Work order: Print, please, exactly the lines from the one with "Được tạo ra" through the final line of the data below, with both ends included and the pictures left out.

Dataset extract:
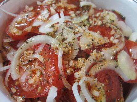Для начала следует вымыть томаты и порезать их (кружками). Чистим репчатый лук и тоже режем: сначала колечками, а потом их перерезаем пополам. Приступаем к приготовлению маринада: в определенной емкости (желательно немаленьких размеров) смешиваем все указанные выше продукты (для маринада). Далее, с помощью ножа, дробим почищенные дольки чеснока и добавляем также ко всем смешанным продуктам. Все хорошо перемешиваем. В отдельной емкости выкладываем слоя из томатов и лука. Наливаем сюда маринад. Не волнуйтесь, что маринада будет мало. Во время маринования томаты дадут большое количество своего сока. Накрываем крышкой и помещаем на 2 суток в холодильную установку. Через указанное время ваша закуска готова к употреблению.
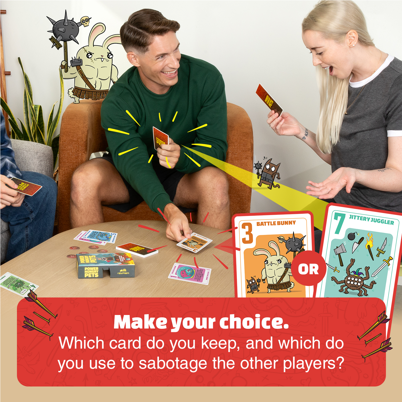 Được tạo ra bởi những nhà sản xuất của Exploding Kittens, Power Hungry Pets là một trò chơi chiến thuật dành cho những người... không thích chiến thuật cầu kỳ. Đây là một trò chơi của sự phản bội và 'đâm sau lưng' cực kỳ vui nhộn, diễn ra chỉ với một lá bài duy nhất trên tay.
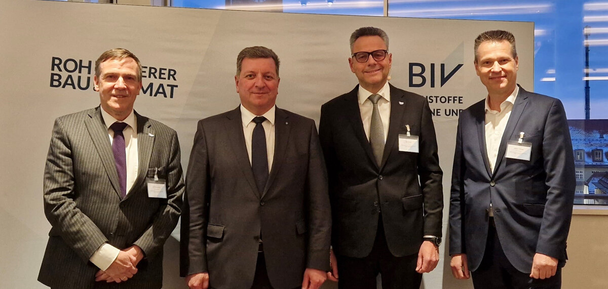 Der Präsident des Bayerischen Industrieverbandes Baustoffe, Steine und Erden e.V., Georg Fetzer, begrüßte am 28. Februar Bayerns Bauminister Christian Bernreiter und rund 130 Gäste aus Politik, Verwaltung, Wissenschaft und Wirtschaft im Bayerischen Hof in München. Drei große Themen, für die unsere heimischen Bau- und Rohstoffe die Grundlage sind, prägten den Abend – Wohnen, Bau und Verkehr in Bayern. „Sie sind die Hardware für die wirtschaftliche und gesellschaftspolitische Stabilität unseres Landes“, so Fetzer. Deshalb sendete der BIV-Präsident auch klare Botschaften an die Politik.
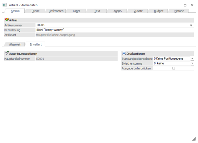 In dem Unterregister "Erweitert" stehen die Druckoptionen des Artikels zur Verfügung. Zusätzlich können die Grundeinstellungen für Ausprägungen definiert werden.

Answer space:
 Được tạo ra bởi những nhà sản xuất của Exploding Kittens, Power Hungry Pets là một trò chơi chiến thuật dành cho những người... không thích chiến thuật cầu kỳ. Đây là một trò chơi của sự phản bội và 'đâm sau lưng' cực kỳ vui nhộn, diễn ra chỉ với một lá bài duy nhất trên tay.
 Der Präsident des Bayerischen Industrieverbandes Baustoffe, Steine und Erden e.V., Georg Fetzer, begrüßte am 28. Februar Bayerns Bauminister Christian Bernreiter und rund 130 Gäste aus Politik, Verwaltung, Wissenschaft und Wirtschaft im Bayerischen Hof in München. Drei große Themen, für die unsere heimischen Bau- und Rohstoffe die Grundlage sind, prägten den Abend – Wohnen, Bau und Verkehr in Bayern. „Sie sind die Hardware für die wirtschaftliche und gesellschaftspolitische Stabilität unseres Landes“, so Fetzer. Deshalb sendete der BIV-Präsident auch klare Botschaften an die Politik.
 In dem Unterregister "Erweitert" stehen die Druckoptionen des Artikels zur Verfügung. Zusätzlich können die Grundeinstellungen für Ausprägungen definiert werden.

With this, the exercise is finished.